▸ ACTIVITY: If a line in the records below contains "back", copy that line.

(AVAILABLE RECORDS begins)

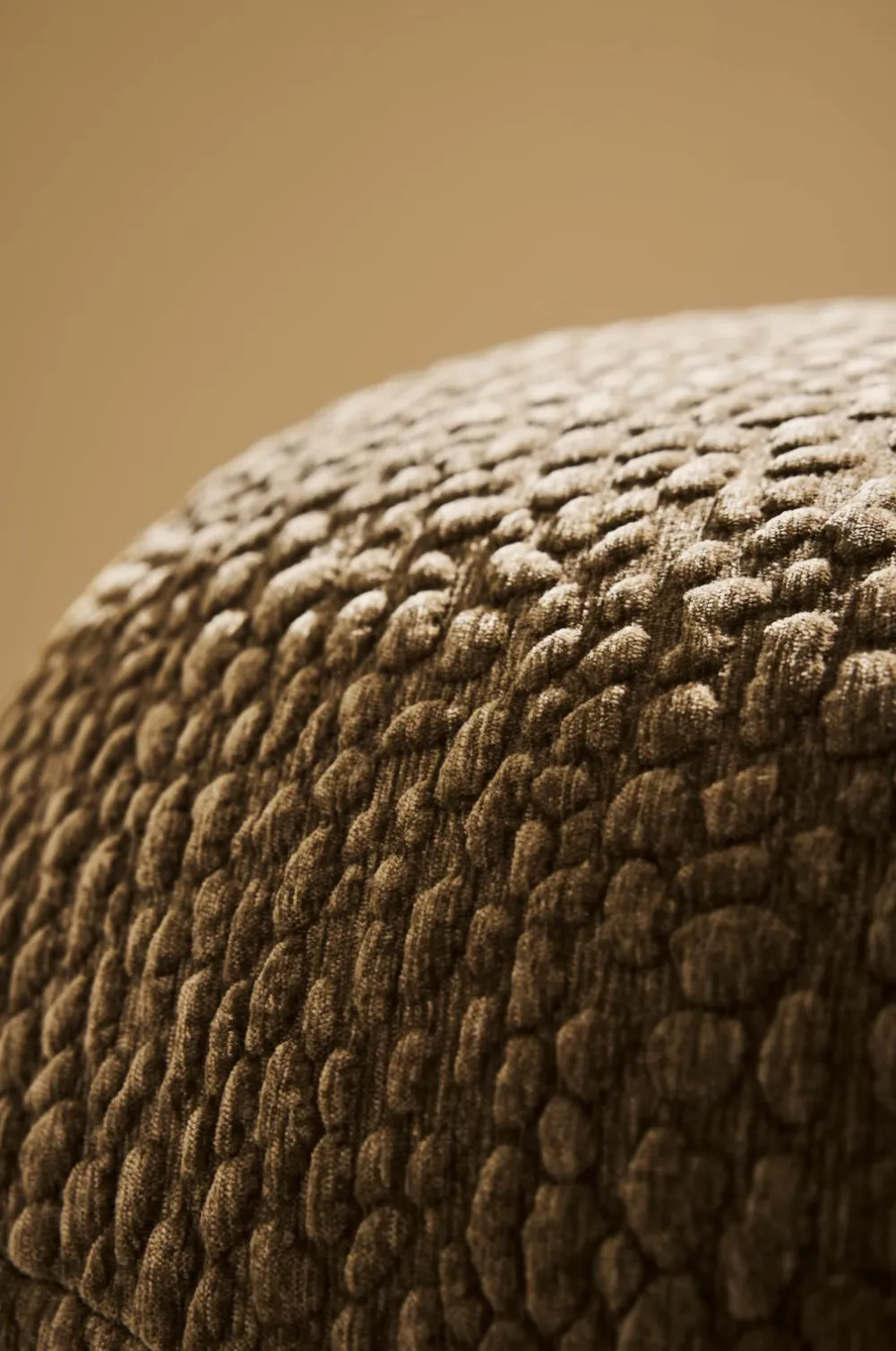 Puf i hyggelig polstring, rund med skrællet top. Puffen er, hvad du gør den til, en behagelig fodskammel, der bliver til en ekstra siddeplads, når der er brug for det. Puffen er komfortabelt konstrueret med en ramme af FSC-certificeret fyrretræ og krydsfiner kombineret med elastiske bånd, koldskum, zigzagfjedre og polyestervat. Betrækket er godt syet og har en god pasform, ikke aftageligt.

(AVAILABLE RECORDS ends)
(AVAILABLE RECORDS begins)

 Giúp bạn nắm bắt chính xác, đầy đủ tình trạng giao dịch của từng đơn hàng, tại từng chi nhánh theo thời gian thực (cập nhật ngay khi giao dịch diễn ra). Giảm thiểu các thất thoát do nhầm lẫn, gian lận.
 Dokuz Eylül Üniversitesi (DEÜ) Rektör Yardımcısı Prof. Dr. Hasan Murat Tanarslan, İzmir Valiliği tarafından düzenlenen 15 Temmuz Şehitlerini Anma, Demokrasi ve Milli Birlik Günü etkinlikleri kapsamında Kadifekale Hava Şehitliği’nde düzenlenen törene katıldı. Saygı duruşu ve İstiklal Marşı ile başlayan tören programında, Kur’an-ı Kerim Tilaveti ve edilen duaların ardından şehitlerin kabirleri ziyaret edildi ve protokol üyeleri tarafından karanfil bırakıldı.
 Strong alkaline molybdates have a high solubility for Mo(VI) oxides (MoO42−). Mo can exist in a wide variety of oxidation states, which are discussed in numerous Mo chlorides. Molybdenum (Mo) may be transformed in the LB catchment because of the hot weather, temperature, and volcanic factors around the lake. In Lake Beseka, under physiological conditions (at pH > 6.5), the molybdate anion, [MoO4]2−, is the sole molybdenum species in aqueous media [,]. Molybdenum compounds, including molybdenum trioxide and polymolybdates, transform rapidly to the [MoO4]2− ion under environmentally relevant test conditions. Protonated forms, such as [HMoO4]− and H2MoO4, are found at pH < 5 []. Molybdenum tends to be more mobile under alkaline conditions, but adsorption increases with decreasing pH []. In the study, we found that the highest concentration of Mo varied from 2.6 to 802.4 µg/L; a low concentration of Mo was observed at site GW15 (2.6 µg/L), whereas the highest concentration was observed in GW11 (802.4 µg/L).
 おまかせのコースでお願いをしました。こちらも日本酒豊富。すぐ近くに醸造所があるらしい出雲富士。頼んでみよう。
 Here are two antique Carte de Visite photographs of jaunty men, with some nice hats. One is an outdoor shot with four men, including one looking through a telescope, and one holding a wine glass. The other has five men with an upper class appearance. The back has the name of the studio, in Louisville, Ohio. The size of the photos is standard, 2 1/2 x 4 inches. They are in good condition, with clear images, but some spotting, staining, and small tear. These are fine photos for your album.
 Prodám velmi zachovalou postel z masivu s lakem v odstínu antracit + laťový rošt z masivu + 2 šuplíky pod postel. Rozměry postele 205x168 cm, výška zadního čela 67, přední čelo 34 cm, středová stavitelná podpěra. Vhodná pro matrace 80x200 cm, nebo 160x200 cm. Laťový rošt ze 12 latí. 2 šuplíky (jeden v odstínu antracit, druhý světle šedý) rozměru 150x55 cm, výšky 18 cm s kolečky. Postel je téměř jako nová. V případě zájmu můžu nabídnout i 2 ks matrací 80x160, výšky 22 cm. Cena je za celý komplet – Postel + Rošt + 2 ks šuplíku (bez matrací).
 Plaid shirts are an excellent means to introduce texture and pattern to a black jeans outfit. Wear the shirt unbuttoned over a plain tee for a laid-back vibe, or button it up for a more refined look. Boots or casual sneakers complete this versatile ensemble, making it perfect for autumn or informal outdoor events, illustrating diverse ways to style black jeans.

(AVAILABLE RECORDS ends)

▸ TASK SOLUTION:
 Here are two antique Carte de Visite photographs of jaunty men, with some nice hats. One is an outdoor shot with four men, including one looking through a telescope, and one holding a wine glass. The other has five men with an upper class appearance. The back has the name of the studio, in Louisville, Ohio. The size of the photos is standard, 2 1/2 x 4 inches. They are in good condition, with clear images, but some spotting, staining, and small tear. These are fine photos for your album.
 Plaid shirts are an excellent means to introduce texture and pattern to a black jeans outfit. Wear the shirt unbuttoned over a plain tee for a laid-back vibe, or button it up for a more refined look. Boots or casual sneakers complete this versatile ensemble, making it perfect for autumn or informal outdoor events, illustrating diverse ways to style black jeans.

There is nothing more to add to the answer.